From: David Devecsery <ddevec@gatech.edu>
Date: Mon, 18 May 2020 13:54:04 +0000 (-0400)
Subject: Forgot to add instructions...
X-Git-Url: https://git.devinivas.org/?a=commitdiff_plain;h=e98b93431327bbb18cd8c703855737e024b6698f;p=cs3210-lab1.git

Forgot to add instructions...
---

diff --git a/instructions/lab1.md b/instructions/lab1.md
new file mode 100644
index 0000000..70e002a
--- /dev/null
+++ b/instructions/lab1.md
@@ -0,0 +1,403 @@
+# Lab 1 - Getting to know Kernel Development
+
+The goal of this lab is to get you familiar with kernel devlopment, and our xv6
+environment.
+
+The lab is composed of three parts:
+ - First, you will use git to checkout, and build the repository.

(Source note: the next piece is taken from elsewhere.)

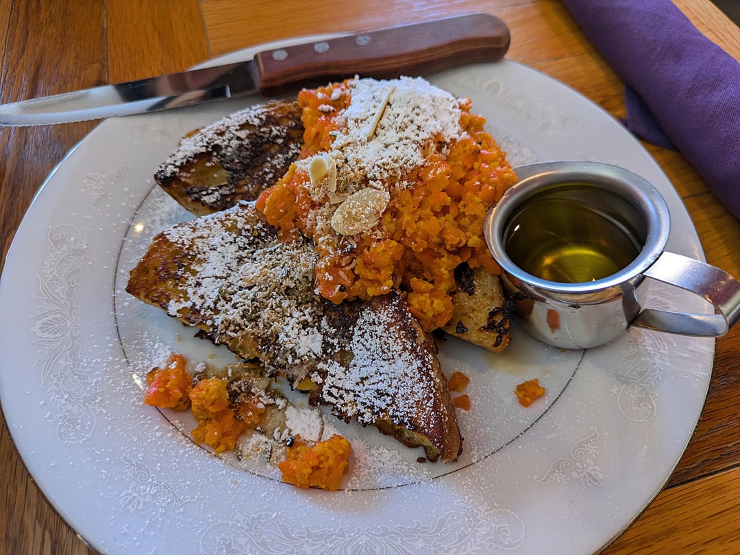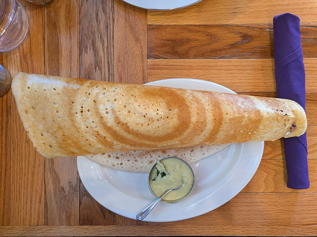 Really cute spot for brunch. My friend liked her French toast. I got the dosa and chutney. The dosa here was on the smaller side and unevenly spreaded, with very brittle center and thick, undercooked edges. It tasted a bit too buttery and needed more tartness. However, the coconut chutney was excellent: fresh, bursting with flavors with a good kick of spice. I wish they also served sambar on the side.

+ - Second, you will add some debugging functionality to the xv6 kernel.
+ - Third, you will get familiar with the boot procedure of xv6 by modifying the
+   kernel to support variable memory sizes.
+
+
+## Part 1 - checking out the repository
+
+**FIXME** Much of this is likely to change as I adjust the course
+structure/autograder stuff...
+
+All of the code for this course will be distributed and turned in using the
+[git](www.git-scm.com) revision system.  If you don't know git, we recommend
+looking at the 
+[Git User's Manual](www.kernel.org/pub/software/scm/git/docs/user-manual.html).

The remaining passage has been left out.